_About this exercise_: The records that follow are to be transcribed in full, leaving out each picture.

_Extracted information_:
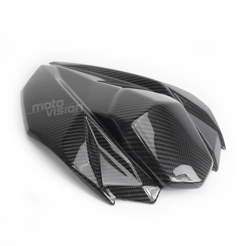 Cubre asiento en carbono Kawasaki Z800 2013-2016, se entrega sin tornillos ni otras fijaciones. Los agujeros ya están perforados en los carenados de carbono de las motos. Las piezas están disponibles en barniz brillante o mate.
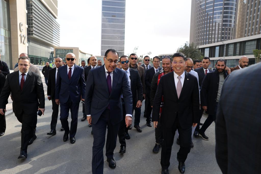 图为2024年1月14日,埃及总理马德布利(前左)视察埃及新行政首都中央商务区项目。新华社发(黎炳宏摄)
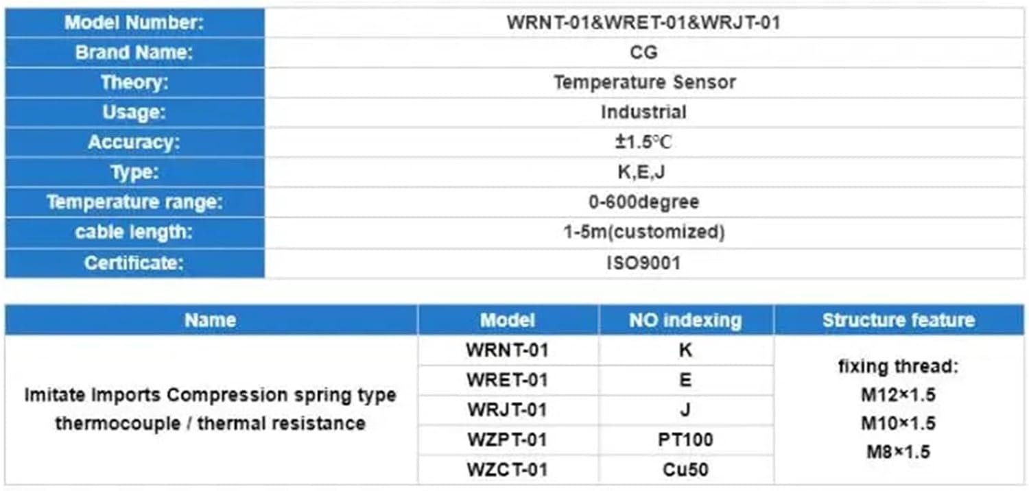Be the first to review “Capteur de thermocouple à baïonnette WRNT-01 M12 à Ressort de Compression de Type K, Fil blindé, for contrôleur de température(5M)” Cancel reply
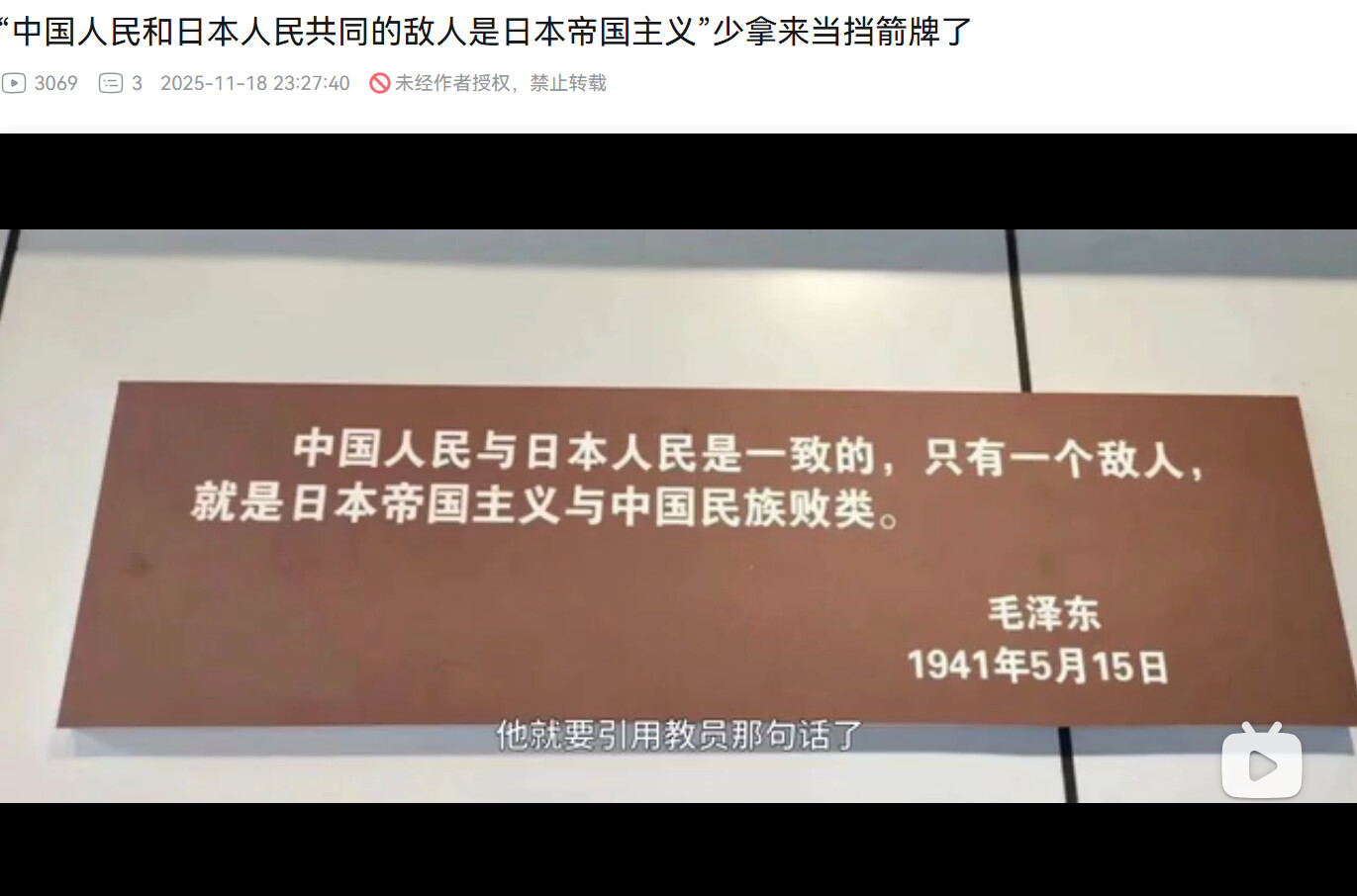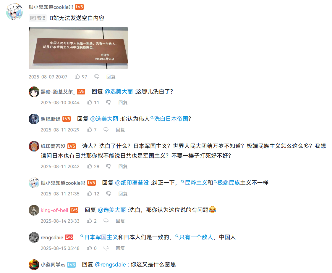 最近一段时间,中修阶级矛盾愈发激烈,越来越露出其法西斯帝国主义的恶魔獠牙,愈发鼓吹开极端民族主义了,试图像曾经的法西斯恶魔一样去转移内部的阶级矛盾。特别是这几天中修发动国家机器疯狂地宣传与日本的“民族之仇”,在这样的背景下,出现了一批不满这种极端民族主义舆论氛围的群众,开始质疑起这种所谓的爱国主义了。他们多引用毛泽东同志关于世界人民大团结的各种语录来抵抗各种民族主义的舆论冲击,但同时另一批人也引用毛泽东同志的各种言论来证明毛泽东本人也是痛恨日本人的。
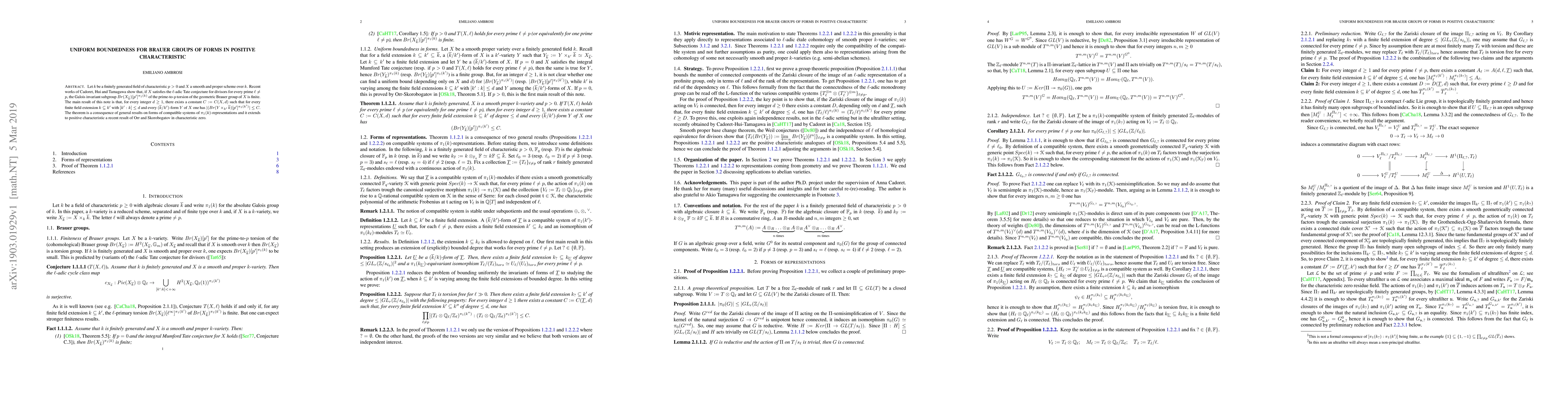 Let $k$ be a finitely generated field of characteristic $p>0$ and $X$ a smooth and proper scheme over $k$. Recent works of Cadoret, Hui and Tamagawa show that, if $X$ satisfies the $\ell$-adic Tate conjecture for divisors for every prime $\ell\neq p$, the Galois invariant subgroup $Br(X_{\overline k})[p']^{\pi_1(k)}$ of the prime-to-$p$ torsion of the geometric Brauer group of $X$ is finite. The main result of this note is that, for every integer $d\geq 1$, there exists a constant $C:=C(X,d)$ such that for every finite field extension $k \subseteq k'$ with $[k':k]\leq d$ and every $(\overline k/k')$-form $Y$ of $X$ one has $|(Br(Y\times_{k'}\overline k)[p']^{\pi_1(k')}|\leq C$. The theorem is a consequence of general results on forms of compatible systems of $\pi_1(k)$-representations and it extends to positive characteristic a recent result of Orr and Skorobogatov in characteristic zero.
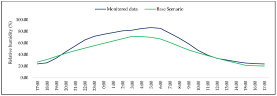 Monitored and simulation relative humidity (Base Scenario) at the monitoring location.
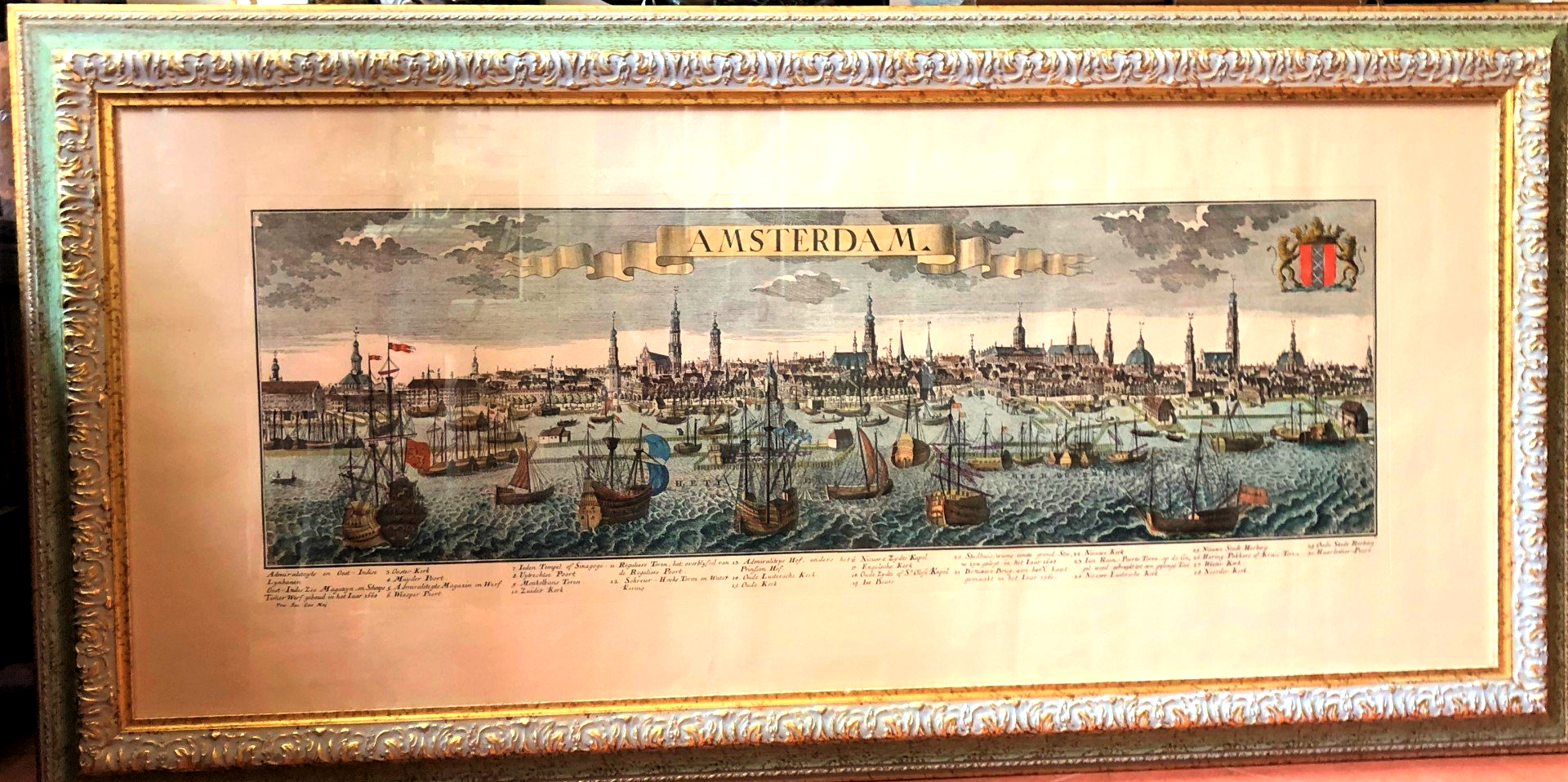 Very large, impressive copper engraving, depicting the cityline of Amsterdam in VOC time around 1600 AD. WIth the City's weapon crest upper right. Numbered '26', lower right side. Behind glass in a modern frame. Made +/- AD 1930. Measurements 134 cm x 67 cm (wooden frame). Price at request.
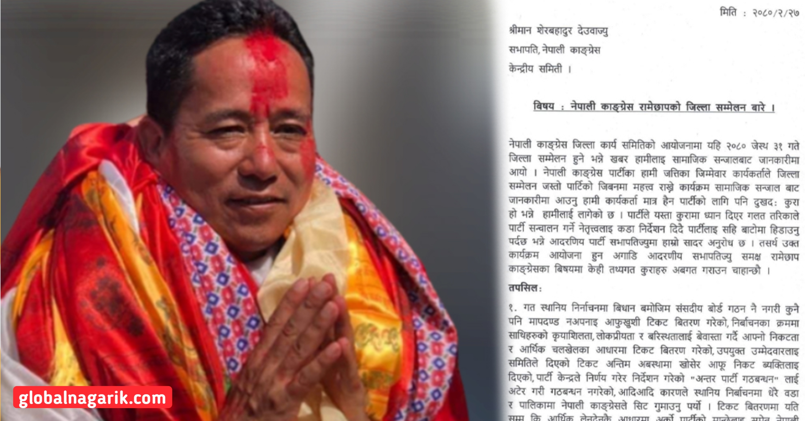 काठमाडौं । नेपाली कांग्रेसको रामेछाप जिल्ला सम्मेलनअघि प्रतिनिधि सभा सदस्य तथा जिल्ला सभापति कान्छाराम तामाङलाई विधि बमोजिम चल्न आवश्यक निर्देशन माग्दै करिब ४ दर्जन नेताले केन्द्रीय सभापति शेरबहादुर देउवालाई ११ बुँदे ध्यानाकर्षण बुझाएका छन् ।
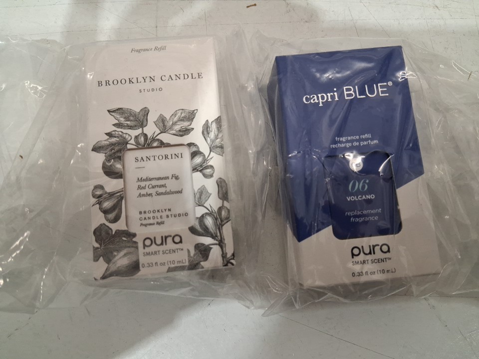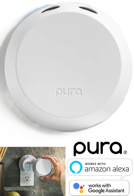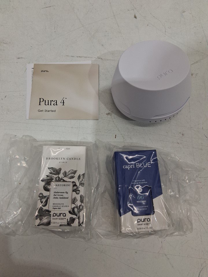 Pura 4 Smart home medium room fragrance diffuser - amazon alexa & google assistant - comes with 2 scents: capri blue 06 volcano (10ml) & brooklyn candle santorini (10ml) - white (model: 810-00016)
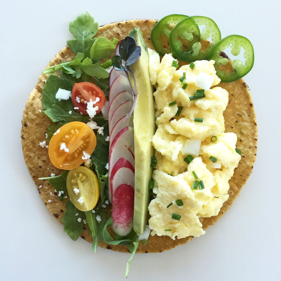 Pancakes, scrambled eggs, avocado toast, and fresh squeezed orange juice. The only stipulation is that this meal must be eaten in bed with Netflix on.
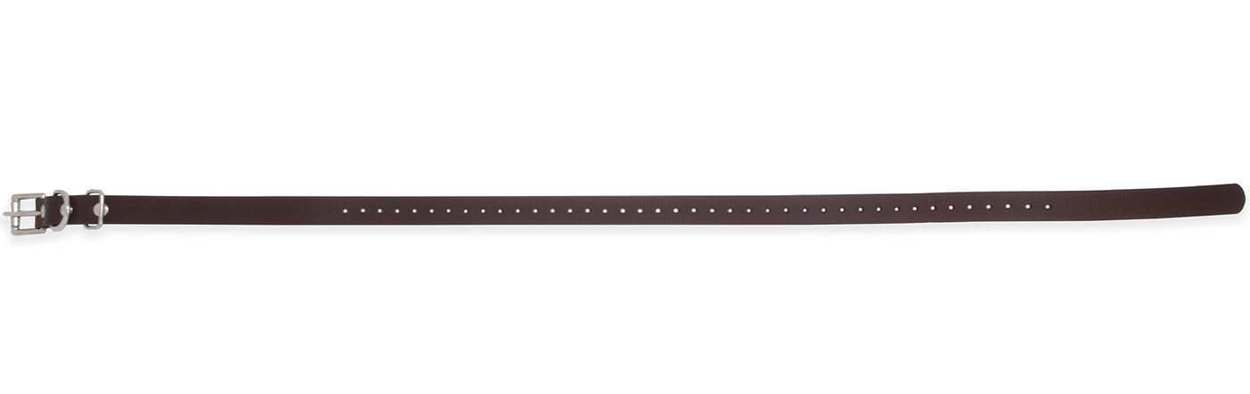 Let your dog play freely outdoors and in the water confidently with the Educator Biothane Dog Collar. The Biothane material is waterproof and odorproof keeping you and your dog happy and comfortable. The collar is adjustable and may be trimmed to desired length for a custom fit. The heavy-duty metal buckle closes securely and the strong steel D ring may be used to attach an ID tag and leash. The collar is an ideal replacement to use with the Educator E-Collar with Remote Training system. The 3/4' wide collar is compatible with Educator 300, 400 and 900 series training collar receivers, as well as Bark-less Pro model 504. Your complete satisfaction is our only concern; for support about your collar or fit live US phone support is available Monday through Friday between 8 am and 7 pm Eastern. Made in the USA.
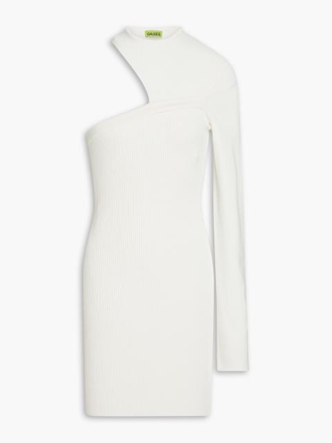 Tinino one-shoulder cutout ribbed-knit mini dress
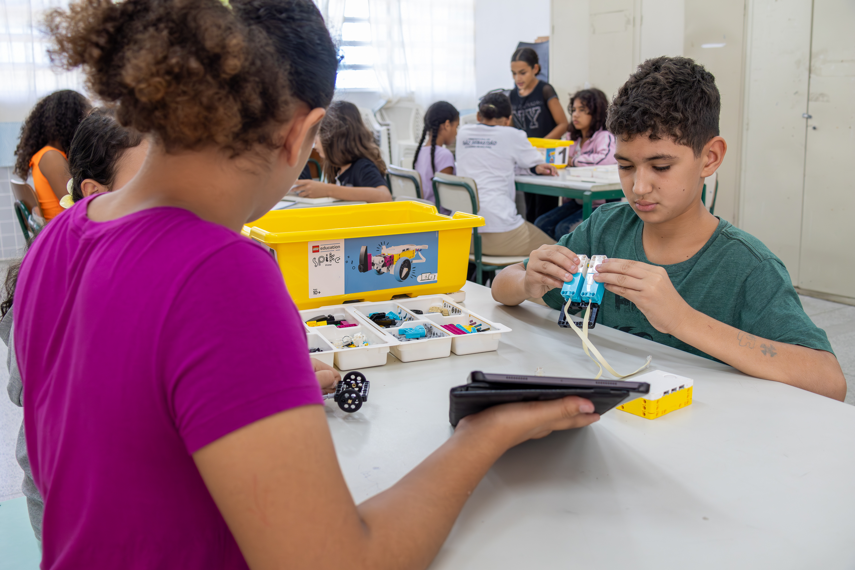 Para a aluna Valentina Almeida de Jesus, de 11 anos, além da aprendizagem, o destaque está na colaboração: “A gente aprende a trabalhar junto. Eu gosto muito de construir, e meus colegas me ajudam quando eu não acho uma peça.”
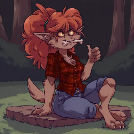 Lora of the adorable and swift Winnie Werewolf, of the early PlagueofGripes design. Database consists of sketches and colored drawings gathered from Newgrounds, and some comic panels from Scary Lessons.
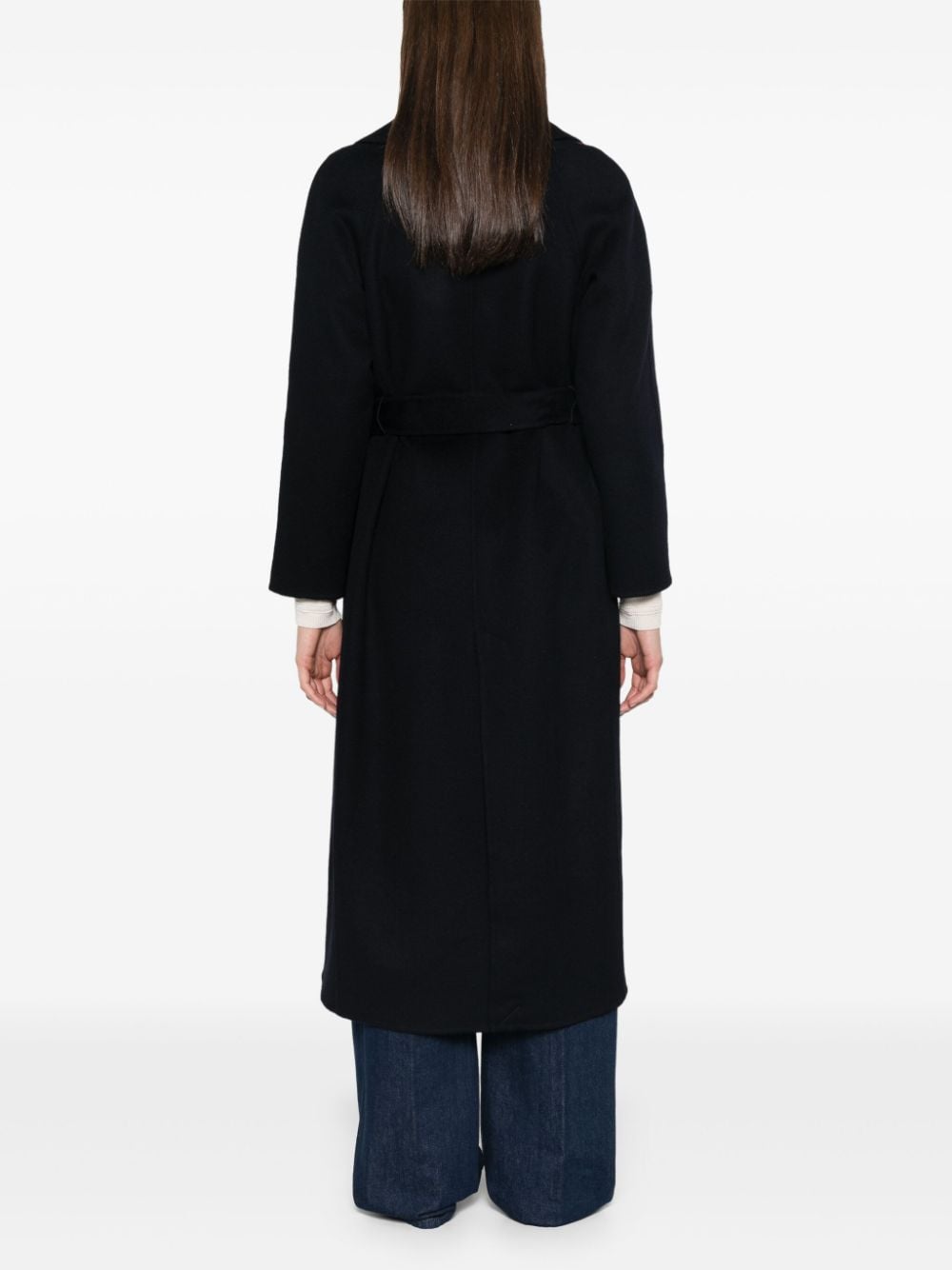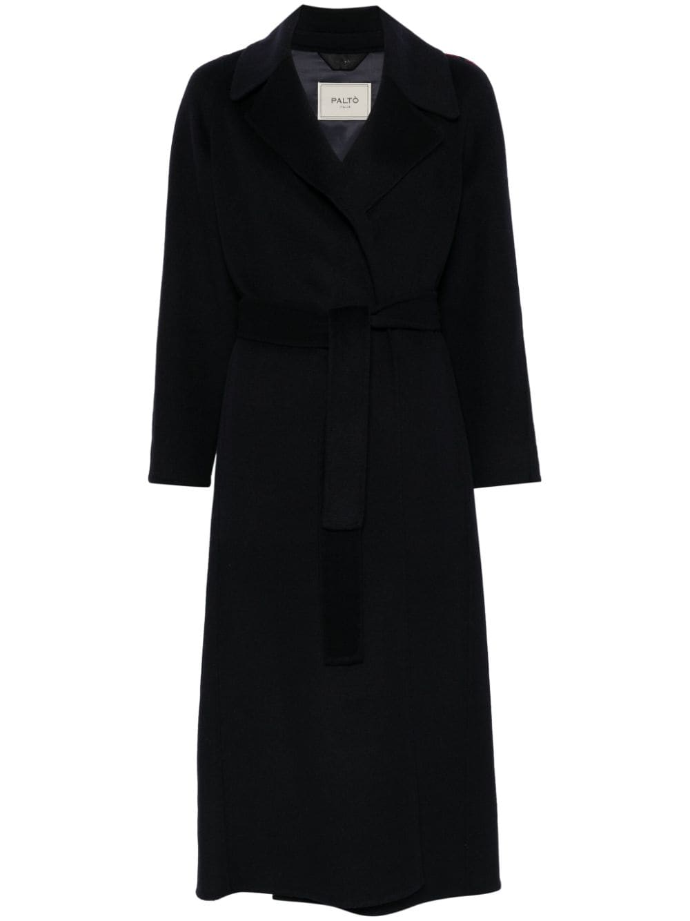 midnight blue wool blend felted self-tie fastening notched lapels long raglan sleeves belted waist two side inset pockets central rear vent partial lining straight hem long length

_Expected answer_:
 Cubre asiento en carbono Kawasaki Z800 2013-2016, se entrega sin tornillos ni otras fijaciones. Los agujeros ya están perforados en los carenados de carbono de las motos. Las piezas están disponibles en barniz brillante o mate.
 图为2024年1月14日,埃及总理马德布利(前左)视察埃及新行政首都中央商务区项目。新华社发(黎炳宏摄)
Be the first to review “Capteur de thermocouple à baïonnette WRNT-01 M12 à Ressort de Compression de Type K, Fil blindé, for contrôleur de température(5M)” Cancel reply
 最近一段时间,中修阶级矛盾愈发激烈,越来越露出其法西斯帝国主义的恶魔獠牙,愈发鼓吹开极端民族主义了,试图像曾经的法西斯恶魔一样去转移内部的阶级矛盾。特别是这几天中修发动国家机器疯狂地宣传与日本的“民族之仇”,在这样的背景下,出现了一批不满这种极端民族主义舆论氛围的群众,开始质疑起这种所谓的爱国主义了。他们多引用毛泽东同志关于世界人民大团结的各种语录来抵抗各种民族主义的舆论冲击,但同时另一批人也引用毛泽东同志的各种言论来证明毛泽东本人也是痛恨日本人的。
 Let $k$ be a finitely generated field of characteristic $p>0$ and $X$ a smooth and proper scheme over $k$. Recent works of Cadoret, Hui and Tamagawa show that, if $X$ satisfies the $\ell$-adic Tate conjecture for divisors for every prime $\ell\neq p$, the Galois invariant subgroup $Br(X_{\overline k})[p']^{\pi_1(k)}$ of the prime-to-$p$ torsion of the geometric Brauer group of $X$ is finite. The main result of this note is that, for every integer $d\geq 1$, there exists a constant $C:=C(X,d)$ such that for every finite field extension $k \subseteq k'$ with $[k':k]\leq d$ and every $(\overline k/k')$-form $Y$ of $X$ one has $|(Br(Y\times_{k'}\overline k)[p']^{\pi_1(k')}|\leq C$. The theorem is a consequence of general results on forms of compatible systems of $\pi_1(k)$-representations and it extends to positive characteristic a recent result of Orr and Skorobogatov in characteristic zero.
 Monitored and simulation relative humidity (Base Scenario) at the monitoring location.
 Very large, impressive copper engraving, depicting the cityline of Amsterdam in VOC time around 1600 AD. WIth the City's weapon crest upper right. Numbered '26', lower right side. Behind glass in a modern frame. Made +/- AD 1930. Measurements 134 cm x 67 cm (wooden frame). Price at request.
 काठमाडौं । नेपाली कांग्रेसको रामेछाप जिल्ला सम्मेलनअघि प्रतिनिधि सभा सदस्य तथा जिल्ला सभापति कान्छाराम तामाङलाई विधि बमोजिम चल्न आवश्यक निर्देशन माग्दै करिब ४ दर्जन नेताले केन्द्रीय सभापति शेरबहादुर देउवालाई ११ बुँदे ध्यानाकर्षण बुझाएका छन् ।
 Pura 4 Smart home medium room fragrance diffuser - amazon alexa & google assistant - comes with 2 scents: capri blue 06 volcano (10ml) & brooklyn candle santorini (10ml) - white (model: 810-00016)
 Pancakes, scrambled eggs, avocado toast, and fresh squeezed orange juice. The only stipulation is that this meal must be eaten in bed with Netflix on.
 Let your dog play freely outdoors and in the water confidently with the Educator Biothane Dog Collar. The Biothane material is waterproof and odorproof keeping you and your dog happy and comfortable. The collar is adjustable and may be trimmed to desired length for a custom fit. The heavy-duty metal buckle closes securely and the strong steel D ring may be used to attach an ID tag and leash. The collar is an ideal replacement to use with the Educator E-Collar with Remote Training system. The 3/4' wide collar is compatible with Educator 300, 400 and 900 series training collar receivers, as well as Bark-less Pro model 504. Your complete satisfaction is our only concern; for support about your collar or fit live US phone support is available Monday through Friday between 8 am and 7 pm Eastern. Made in the USA.
 Tinino one-shoulder cutout ribbed-knit mini dress
 Para a aluna Valentina Almeida de Jesus, de 11 anos, além da aprendizagem, o destaque está na colaboração: “A gente aprende a trabalhar junto. Eu gosto muito de construir, e meus colegas me ajudam quando eu não acho uma peça.”
 Lora of the adorable and swift Winnie Werewolf, of the early PlagueofGripes design. Database consists of sketches and colored drawings gathered from Newgrounds, and some comic panels from Scary Lessons.
 midnight blue wool blend felted self-tie fastening notched lapels long raglan sleeves belted waist two side inset pockets central rear vent partial lining straight hem long length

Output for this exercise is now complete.